** Problem statement **
Repeat the data that follows, word for word, without the images.

** Exercise data **

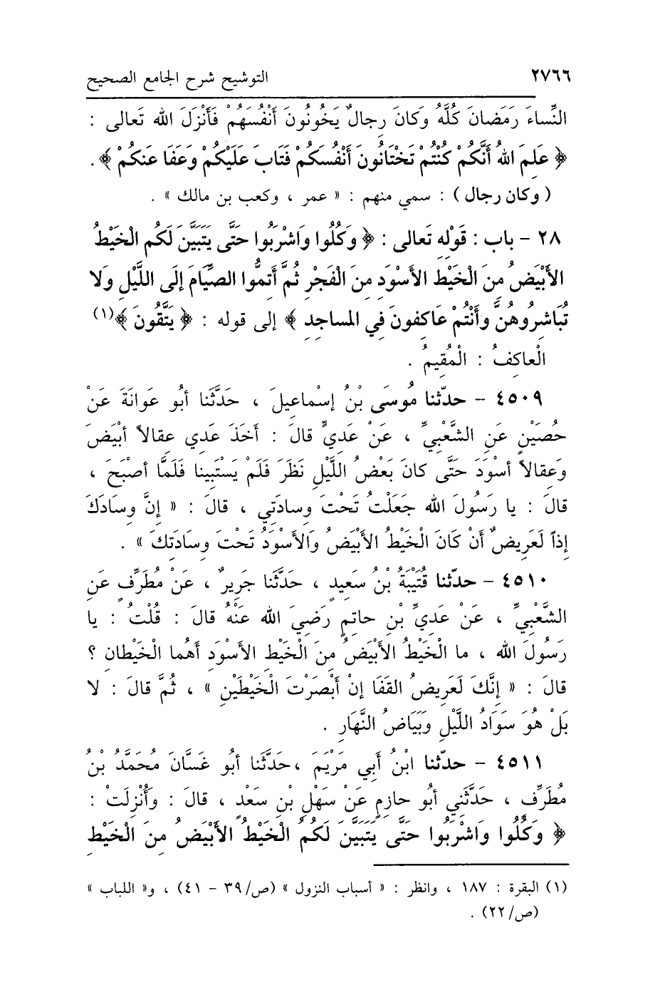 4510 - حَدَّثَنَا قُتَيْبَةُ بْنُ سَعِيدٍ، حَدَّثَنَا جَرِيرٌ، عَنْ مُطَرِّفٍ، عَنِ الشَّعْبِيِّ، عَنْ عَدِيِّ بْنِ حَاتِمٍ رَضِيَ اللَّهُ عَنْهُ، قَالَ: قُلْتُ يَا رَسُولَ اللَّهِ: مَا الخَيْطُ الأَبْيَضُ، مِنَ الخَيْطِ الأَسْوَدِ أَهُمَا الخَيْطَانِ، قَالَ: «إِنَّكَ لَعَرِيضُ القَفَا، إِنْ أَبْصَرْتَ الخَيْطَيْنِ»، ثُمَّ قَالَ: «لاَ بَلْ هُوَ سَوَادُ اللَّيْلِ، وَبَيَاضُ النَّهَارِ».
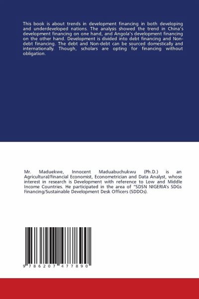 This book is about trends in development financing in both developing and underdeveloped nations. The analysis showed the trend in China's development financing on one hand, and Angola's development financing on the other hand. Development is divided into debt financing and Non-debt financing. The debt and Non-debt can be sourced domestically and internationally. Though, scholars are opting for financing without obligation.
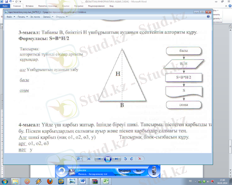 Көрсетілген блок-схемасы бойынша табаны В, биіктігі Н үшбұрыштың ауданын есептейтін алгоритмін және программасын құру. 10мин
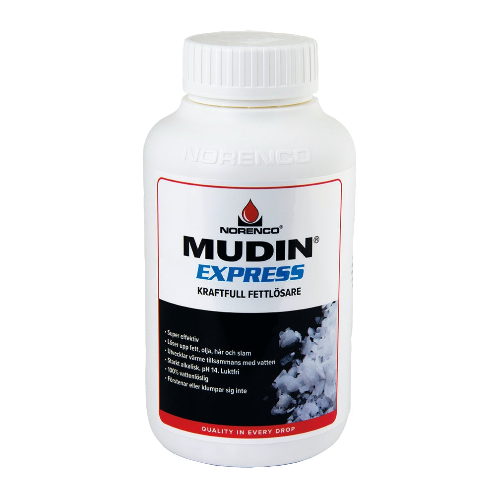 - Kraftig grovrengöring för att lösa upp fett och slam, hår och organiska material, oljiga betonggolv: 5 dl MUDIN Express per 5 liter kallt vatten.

** Answer box **
 4510 - حَدَّثَنَا قُتَيْبَةُ بْنُ سَعِيدٍ، حَدَّثَنَا جَرِيرٌ، عَنْ مُطَرِّفٍ، عَنِ الشَّعْبِيِّ، عَنْ عَدِيِّ بْنِ حَاتِمٍ رَضِيَ اللَّهُ عَنْهُ، قَالَ: قُلْتُ يَا رَسُولَ اللَّهِ: مَا الخَيْطُ الأَبْيَضُ، مِنَ الخَيْطِ الأَسْوَدِ أَهُمَا الخَيْطَانِ، قَالَ: «إِنَّكَ لَعَرِيضُ القَفَا، إِنْ أَبْصَرْتَ الخَيْطَيْنِ»، ثُمَّ قَالَ: «لاَ بَلْ هُوَ سَوَادُ اللَّيْلِ، وَبَيَاضُ النَّهَارِ».
 This book is about trends in development financing in both developing and underdeveloped nations. The analysis showed the trend in China's development financing on one hand, and Angola's development financing on the other hand. Development is divided into debt financing and Non-debt financing. The debt and Non-debt can be sourced domestically and internationally. Though, scholars are opting for financing without obligation.
 Көрсетілген блок-схемасы бойынша табаны В, биіктігі Н үшбұрыштың ауданын есептейтін алгоритмін және программасын құру. 10мин
 - Kraftig grovrengöring för att lösa upp fett och slam, hår och organiska material, oljiga betonggolv: 5 dl MUDIN Express per 5 liter kallt vatten.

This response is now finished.